Sempre a Iseo abbiamo un ospedale dove non si può più nascere da quando pediatria, ginecologia e sale parto sono state destinate alla cura dei pazienti Covid e spostate ad una trentina di chilometri. Qui si apprende che sette ginecologi della zona sono a casa perché risultati positivi. Si è salvata invece dall’ondata di contagi la Nuova Cordata, la cooperativa nata dalla volontà di alcuni genitori di ragazzi disabili, grazie alla tempestiva ordinanza di chiusura da parte del Sindaco il 25 febbraio. Intanto è notizia di poche ore fa che all’ospedale di Chiari solo 15 delle 200 persone interpellate telefonicamente dall’ATS hanno acconsentito a presentarsi per il prelievo di sangue, fondamentale per accertare sia un eventuale contagio asintomatico che un’immunità acquisita dopo la malattia e tracciare un quadro della situazione epidemiologica del territorio. Le persone temono di essere contagiate proprio in quelle strutture che dovrebbero preservarne la salute. Giorni fa la vice sindaca di Brescia Castelletti ha comunicato che è stata messa in quarantena un’intera squadra dei Vigili del Fuoco perché uno di loro, la cui moglie è infermiera in una struttura veneta, è risultato positivo al Coronavirus. Se la moglie malata fosse stata bresciana e non veneta, il marito non sarebbe stato sottoposto ad alcun tampone e noi avremmo in giro un’intera squadra di soccorritori potenzialmente contagiosi.
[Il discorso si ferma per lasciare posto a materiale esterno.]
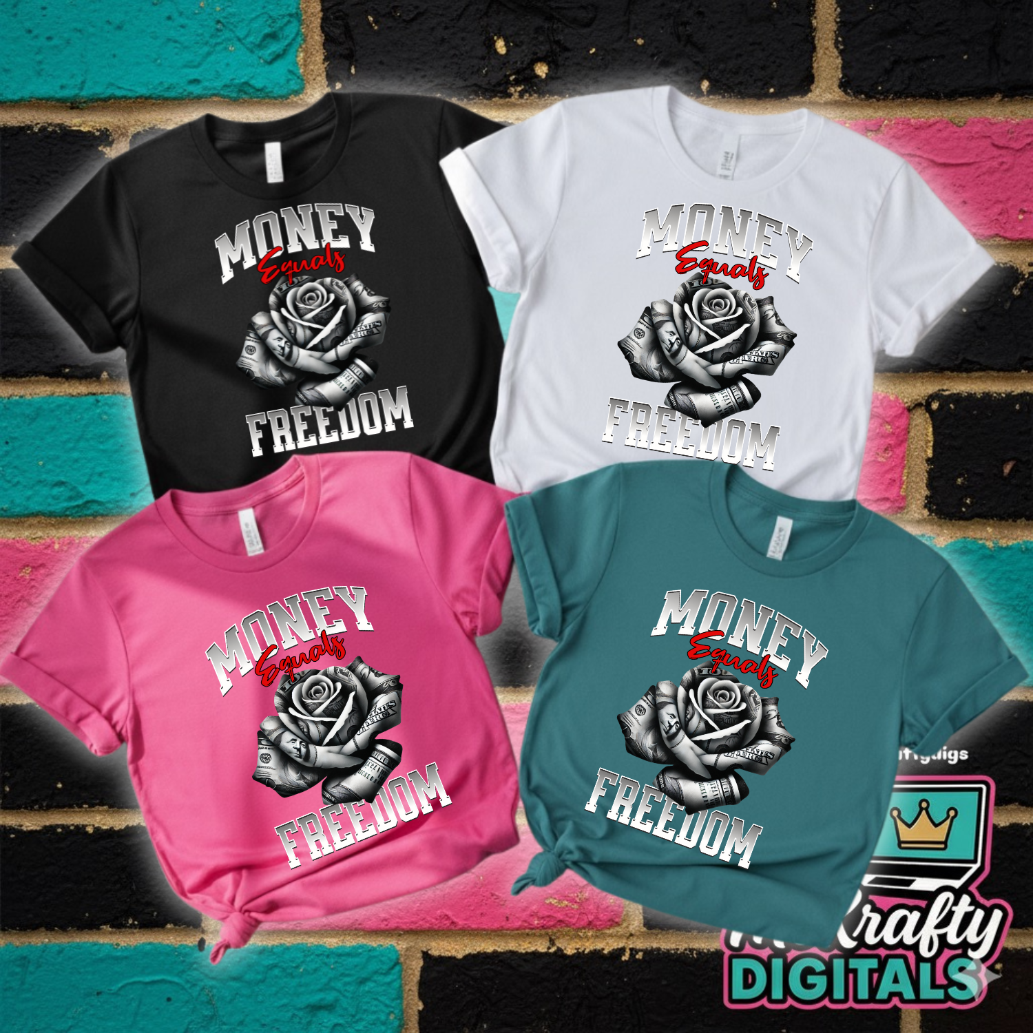 #MoneyEqualsFreedom #MoneyRoseDesign #DigitalDownloads #BossMindset #SublimationDesign #DTFPrintReady #MoKraftyCustoms #SideHustleGear #EmpowerYourBrand #CraftingForProfit

C’è un altro aspetto, oltre ai numeri, che inciderà sulla nostra memoria collettiva, ed è il lato umano. Ho parlato con Laura, che lavora per un’impresa di pulizie in una struttura ospedaliera. “Gli infermieri sono in qualche modo preparati a reagire alle emergenze ma noi no. Questa pandemia ha sconvolto le nostre vite, non avrei mai creduto di dover affrontare una tragedia simile. Un giorno il Direttore ospedaliero è entrato, ha riunito tutti, chirurghi, infermieri e personale vario, ci ha detto: questa è un’emergenza, munitevi di straccio e spray disinfettante, disinfettate ogni cosa e fatelo di continuo. All’inizio è stato impressionante: c’erano barelle in ogni corridoio e morti ovunque, si liberava un posto e subito bisognava far spazio per il prossimo. La sera rientravo a casa sola e distrutta. Piangevo. E’ terribile vedere certe cose, non lo so descrivere, vedi la morte in faccia. Passare tante ore chiusi in una corsia, senza potersi fermare, con la mascherina che preme creando solchi sul viso e non ti lascia respirare, gli occhiali che si appannano ad ogni respiro e il camice che fa sudare…quando entriamo lì dentro siamo tutti uguali, indossiamo gli stessi camici e le stesse maschere. Poi qualcuno ha pensato di scrivere i nomi sui camici per riconoscerci tra noi”.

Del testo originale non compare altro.